If Jeter had that sort of postseason, he’d be forgiven. After all, he’s Derek Jeter, Captain Clutch, the baseball antithesis of me-first A-Rod.
But as A-Rod struggled pathetically at the plate, the tabloid narrative of his days in New York just kept building. First was the report in the New York Post that, after getting pinch-hit for in Game 1, A-Rod allegedly flirted with two young women behind the dugout, even throwing them a ball with a note asking for their phone numbers. Then, as Girardi left A-Rod out of the starting lineup in Games 3 and 4, came the report that this offseason the Yankees could consider trading the highest paid player of all time to the Miami Marlins. (The Yankees immediately denied the report, which first came from Keith Olbermann on his MLB.com blog.)

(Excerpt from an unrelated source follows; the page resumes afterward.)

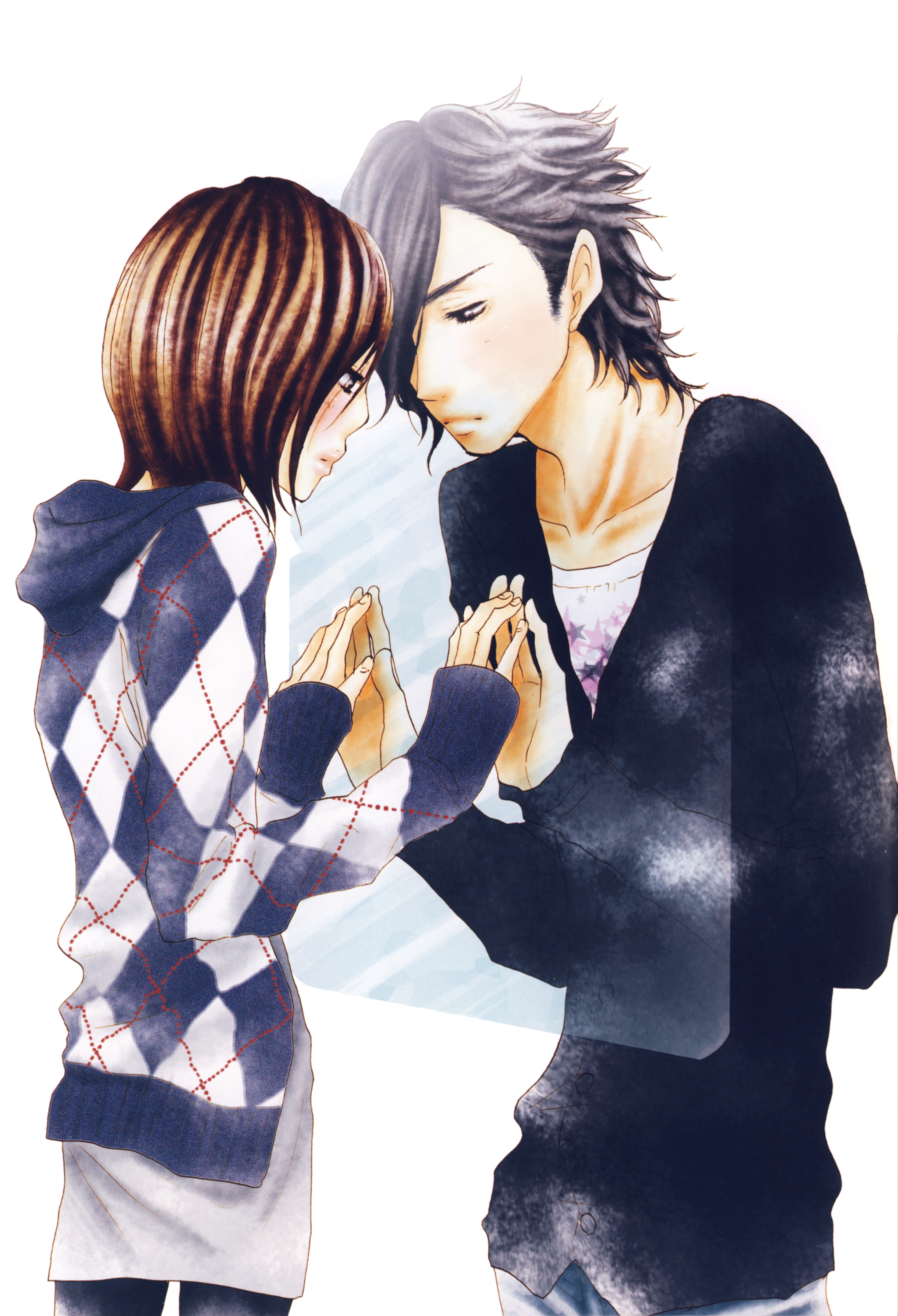 Description: A couple of people that are touching hands together in front of a mirror with a reflection of them on it.

Think about that: If true, the Marlins would be taking a 37-year-old admitted performance-enhancing-drug cheat who is well into the downhill side of his career. To get rid of him — assuming A-Rod would approve the deal — the Yankees would have to take on an enormous amount of the remaining $114 million left on his final five years. It would be a sad and unpredictable ending for the man the Yankees had hoped would break Barry Bonds’ all-time home-run record as a Yankee. They’d be sending him from the media capital of the United States to the baseball backwater of Miami, which even with this year’s new ballpark and new crop of free agents ranked only 18th in baseball in home attendance this year, barely above San Diego and Pittsburgh.
If you only look on the surface, these two ballplayers who’ve together made more than half a billion dollars in their career aren’t that different: Both shortstops (A-Rod moved to third when he moved to the Yankees,) both enormously talented, and both playboys of Manhattan. But where A-Rod seemed to need all the attention, Jeter merely tolerated it. A-Rod wanted to be seen as the big man on campus, while Jeter simply was the big man on campus, the man who dated Minka Kelly and Jessica Alba and Jessica Biel.

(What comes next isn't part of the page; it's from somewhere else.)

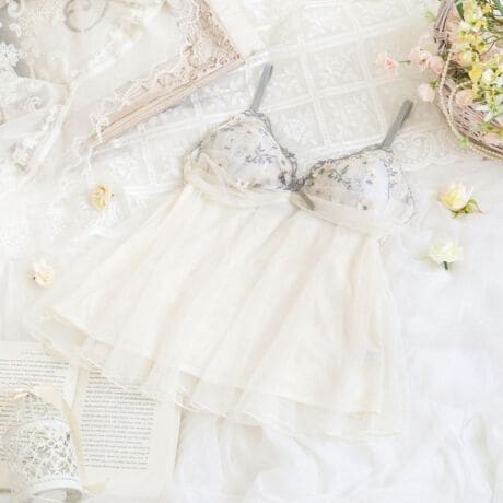 カップがついたタイプのキャミソールなので、ブラジャーを着けずにこれ1枚でご着用いただけます。身生地はチュール素材を使用しており、さらりとした気持ちの良い着心地です。綿混素材の裏地は伸縮性があり、ご着用していてストレスを感じにくい仕様になっております。

The famously hungry New York media gloated over Jeter’s conquests. Meanwhile, they mocked A-Rod. His alleged gallivanting with Madonna. His admission of using PEDs. His selfish clubhouse demeanor that got him the nickname “A-Fraud.” And, of course, the reports of paintings in his house that have him depicted as a centaur.
If this is the beginning of the end — the Yankees not winning a single game after Jeter fell to injury, while A-Rod dominated the headlines of the four-game sweep with an enormous slump and a tin ear — it’s the most appropriate ending possible.
Before Game 4’s batting practice, reporters asked A-Rod about his relationship with his manager. His answer was telling: “The one thing I’ll always give Joe a lot of credit is he’s been very good to me over the years. He has a lot of equity with me.”
Wait — a manager has equity with the player?
It was an example of a superstar’s bloated ego inverting the relationship between a player and his boss. It was a typical A-Rod me-first response. But perhaps the most damning thing anyone could say about A-Rod saying those words is this: It was something Derek Jeter, the Yankee who will always be remembered as a Yankee, never would have said.